> Source material
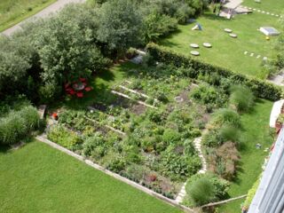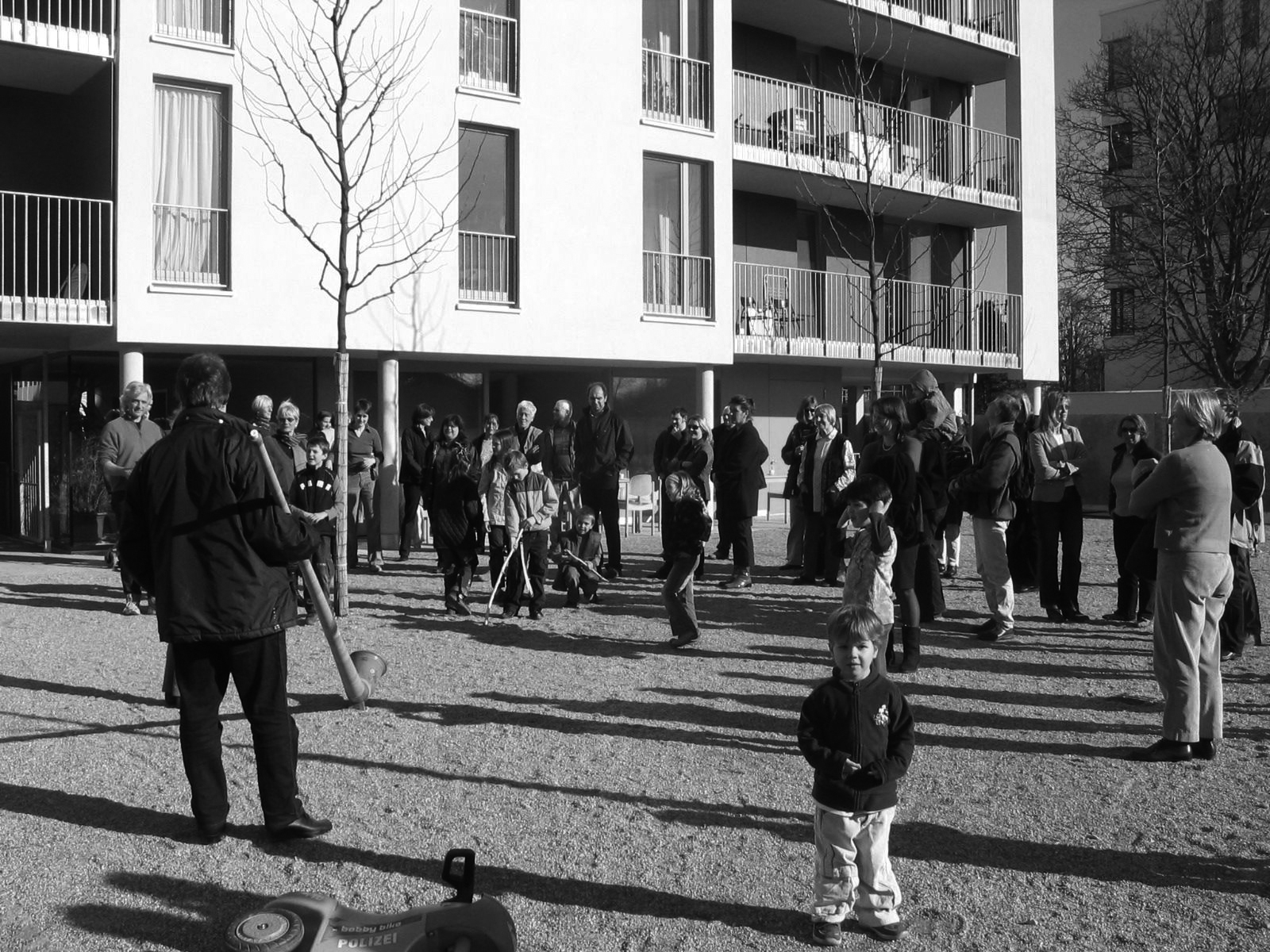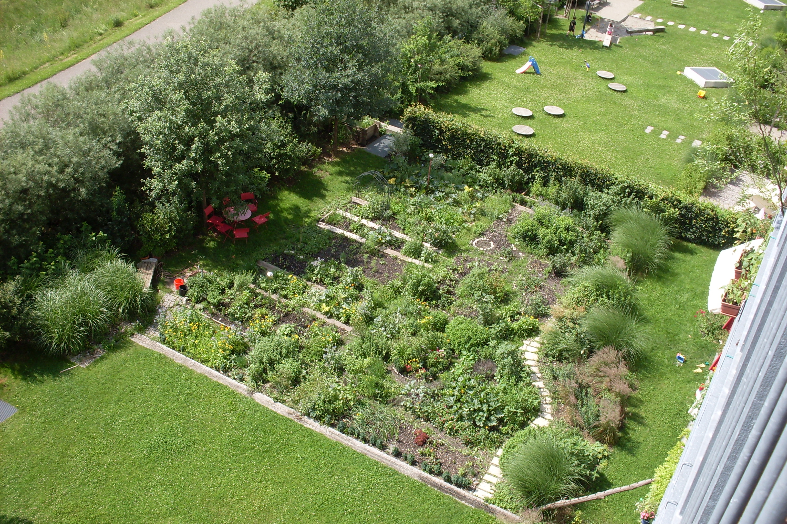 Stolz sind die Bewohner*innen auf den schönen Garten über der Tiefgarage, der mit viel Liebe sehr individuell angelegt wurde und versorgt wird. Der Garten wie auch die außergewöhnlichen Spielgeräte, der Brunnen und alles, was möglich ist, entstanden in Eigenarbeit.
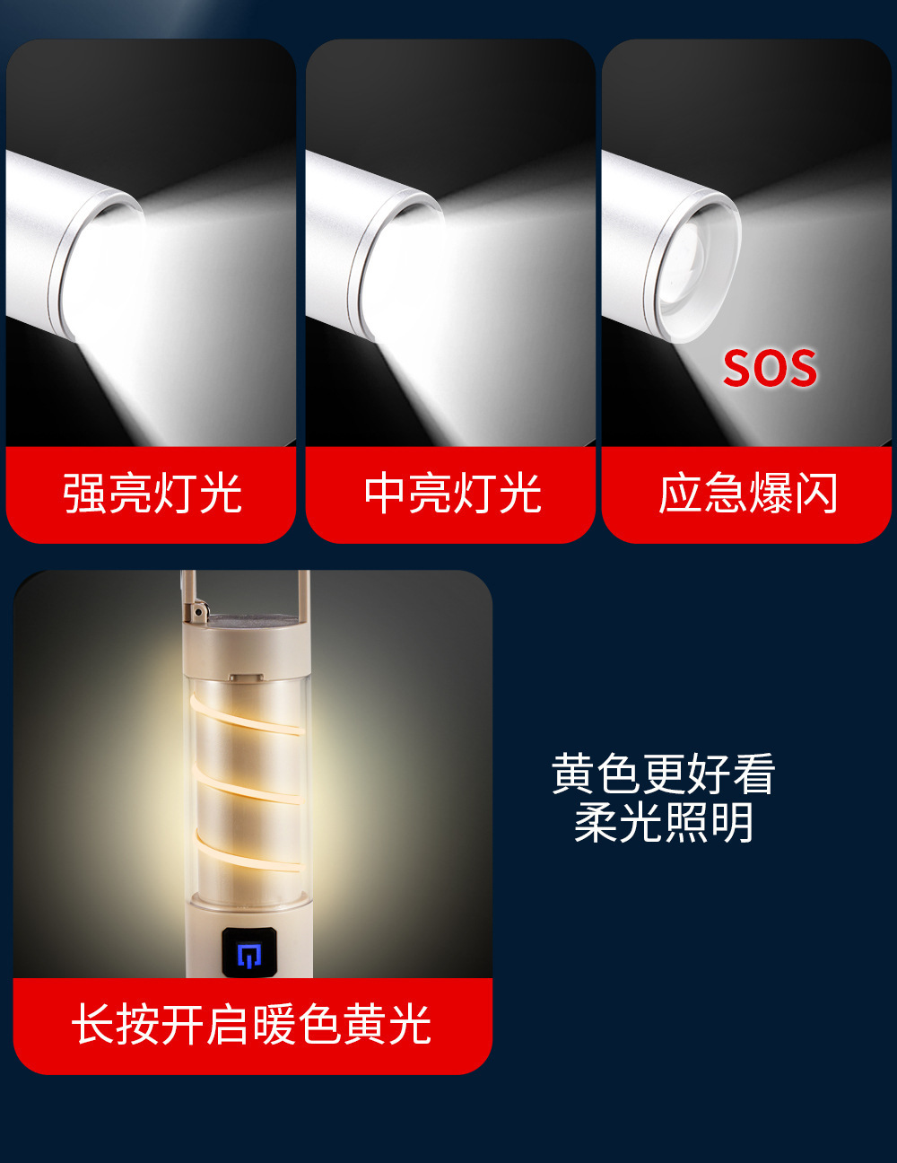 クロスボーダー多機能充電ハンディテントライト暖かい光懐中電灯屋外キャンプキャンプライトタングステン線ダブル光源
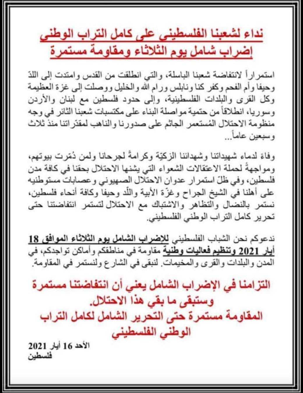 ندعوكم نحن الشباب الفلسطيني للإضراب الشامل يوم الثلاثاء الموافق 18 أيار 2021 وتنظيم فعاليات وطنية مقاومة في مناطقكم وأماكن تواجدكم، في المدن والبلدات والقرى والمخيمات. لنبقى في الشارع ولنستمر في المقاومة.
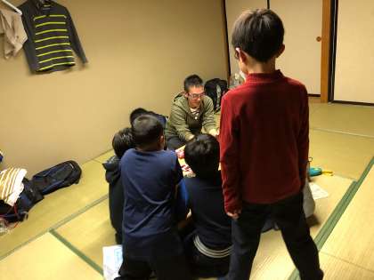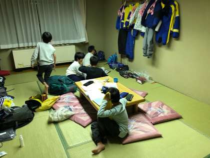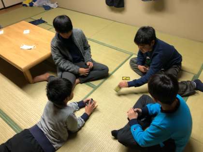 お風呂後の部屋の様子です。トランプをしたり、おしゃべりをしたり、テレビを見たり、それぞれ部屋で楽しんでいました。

> Problem requirements
Please set down, word for word, the lines starting at the line that holds "ندعوكم نحن الشباب" and running to the end of the listing, with no pictures.

> Exercise solution
 ندعوكم نحن الشباب الفلسطيني للإضراب الشامل يوم الثلاثاء الموافق 18 أيار 2021 وتنظيم فعاليات وطنية مقاومة في مناطقكم وأماكن تواجدكم، في المدن والبلدات والقرى والمخيمات. لنبقى في الشارع ولنستمر في المقاومة.
 お風呂後の部屋の様子です。トランプをしたり、おしゃべりをしたり、テレビを見たり、それぞれ部屋で楽しんでいました。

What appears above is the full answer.